Right.  So my original proposal to use separate refs for separate purposes 
might make sense again, so you can have private as well as public notes.

> > I wonder why you speak as if none of that had been implemented yet.  
> > From my work, it is obvious that hashtable is better than sorted list 
> > (except for the fan-out, which obviously wants to be an array), and 
> > from Peff's it is obvious that we want to keep the hashtables in 
> > memory.
> 
> If he is planning on doing a separate pyrite implementation, then it 
> _hasn't_ been implemented yet. And I don't care there if he uses hash 
> tables or sorted lists or whatever. I think the most important thing is 
> getting down the design of the _data structure_, so that we can have a 
> compatible implementation inside git itself.

Well, I don't care about pyrite.  As far as I am concerned, it might as 
well use an incompatible version.  I really don't care.

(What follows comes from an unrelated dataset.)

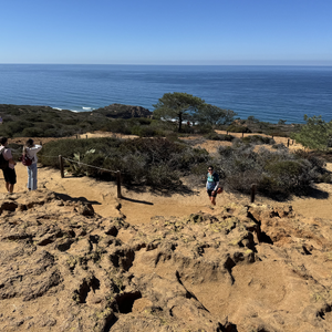 The ride into San Diego was beautiful; the whole area around the hostel is basically a throwback to the 60's. From the decor of the hostel to the kids smoking weed and holding hands while doing the kumbyas inside, it was a hoot. Hightlights included climbing almost a mile at 8% up to the Torrey Pines State Park, w/ beautiful views of the countryside and ocean, to going past Torrey Pines golf course where Tiger Woods was ... well ... the old Tiger Woods.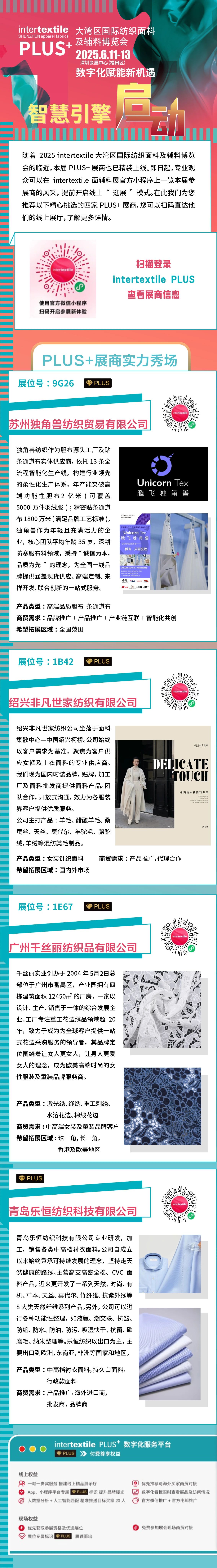 您現(xiàn)在的位置是:首頁(yè) > 要聞 2025Intertextile大灣區(qū)| PLUS+展商精裝上線 來(lái)源:紡織貿(mào)促會(huì) 發(fā)布日期:2025-06-04 字體: 【小】 【中】 【大】 分享: 熱門(mén)文章: 商貿(mào)速遞!大灣區(qū)針織展重點(diǎn)展商簡(jiǎn)介,預(yù)約可享現(xiàn)場(chǎng)一對(duì)一洽談 [2025-05-30] 搶先鎖定 | 大灣區(qū)國(guó)際針織博覽會(huì)觀眾注冊(cè)已啟動(dòng) [2025-05-29] 2025intertextile大灣區(qū) | "interte... [2025-05-29] 展商專(zhuān)訪|常熟飛龍:做非織造布機(jī)械領(lǐng)域“獨(dú)一份” [2025-05-27] 參展報(bào)名倒計(jì)時(shí) | 2025intertextile秋冬面輔... [2025-05-27] 展會(huì)直通車(chē)

> > > IMO notes are just a generallized tag.
> > 
> > IMO notes have nothing to do with a tag.  Tags point to commits (or 
> > other objects, but that's beside the point here).  Notes are pointed 
> > _to_ by commits.
> 
> I think maybe we are just talking about semantics, but I think notes are
> not pointed to by commits. There is an external mapping of commits to
> notes, which is very different. I can give you the commit without you
> knowing the notes, or that the notes even exist.
> 
> But in practice, I don't know if this distinction is going to influence 
> any of the design or use.

You are correct, of course, that the commit does not point to the notes 
explicitely, by having a SHA-1 _in_ the commit object.  But the main point 
still stands: you go from commit to note, not from note to commit.  And 
this is in stark contrast to tags, where you go from tag to commit, _not_ 
from commit to tag.

That is a fundamental _difference_ between tags and notes, so that I 
refuse to accept the notion of notes being a generalized form of tags.